Он заулыбался, видимо вспоминая их проказы, потом вздохнул.
- Прожил там несколько месяцев, - продолжал поляк спокойнее. Помогал по двору, в поле работал, в огороде. Пока шла война, в город идти боялся: знал, что опять попаду в водоворот, который чуть было не унес в могилу. А мне всё и все тогда опротивели. Это потому, что все забыли меня, бросили, кроме семьи Гастона. Я жизнь людям отдавал, а они со мной, как с камнем, который с воза упал, поступили: свалился, ну и ладно, лежи на дороге...
Мысль об этом заставила его снова замолчать, сложить сердито губы. Шрам опять налился кровью, а руки зашарили по скатерти с торопливостью слепого, ищущего потерянное.
- Тогда был особенно зол на вас, - сказал, наконец, он. - Вы были единственные мои друзья, за любого из вас я жизнью пожертвовал бы. Я верил в то, что говорил Самарцев, - помните Васю Самарцева? - верность в дружбе - самое дорогое в жизни, даже жизни дороже. Тот, кто много пережил, знает это и не поступит иначе. А вы... Вы бросили меня на мосту, не вернулись туда ни через час, ни ночью. Не искали меня и после того, как немцев прогнали. А ведь я лежал совсем еще беспомощный. И ждал вас. Долго ждал...
Мои щеки загорелись, и, чтобы скрыть пламя стыда, я поставил локти на стол и спрятал лицо в ладонях.
- После того, что я узнал, - промямлил я, - нас трудно оправдать...
- Да разве в оправдании дело? - поморщился Стажинский. - Человек всегда находит убедительное оправдание, когда нуждается в нем. А так называемые "сторонние" и "объективные" судьи разделятся, как всегда, на две группы: симпатизирующие оправдают, настроенные неприязненно осудят.

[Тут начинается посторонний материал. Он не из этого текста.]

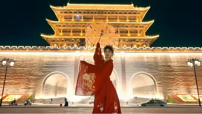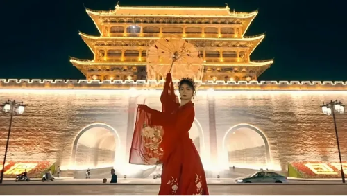 河西都会夜晚灯火辉煌,楼阙场馆灯光璀璨,仿佛重回汉唐盛世,身着汉服漫步其中,如同穿越到剧中的繁华都城。

Оправдание одними стоит осуждения другими, значит, все это уравновешивается и... не имеет смысла.
Он нетерпеливо двинул рукой по столу, словно отбрасывал что-то неприятное. Все еще избегая смотреть мне в глаза, переложил обеденный прибор с места на место и вздохнул будто с облегчением: объяснились, мол, и слава богу! Поляк вопрошающе оглянулся на старшего официанта: когда же примут заказ?
После неловкого молчания я спросил соседа, чем занимался он все эти годы.
- Разным, - коротко и равнодушно ответил поляк. Неясно было, то ли не хотел рассказывать о себе, то ли дело, которым занимался, не представляло интереса. Я ждал, не возобновляя вопроса. Он встретил и проводил глазами проходившую мимо молоденькую стройную американку и, повернувшись ко мне, уже менее равнодушно повторил: - Разным... Очень разным. Сразу после войны был в военной миссии во Франции, потом служил в армии, а затем даже преподавал военное дело. Чуть польским Клаузевицем не стал...
Казимир усмехнулся веселее: воспоминания, кажется, согревали его.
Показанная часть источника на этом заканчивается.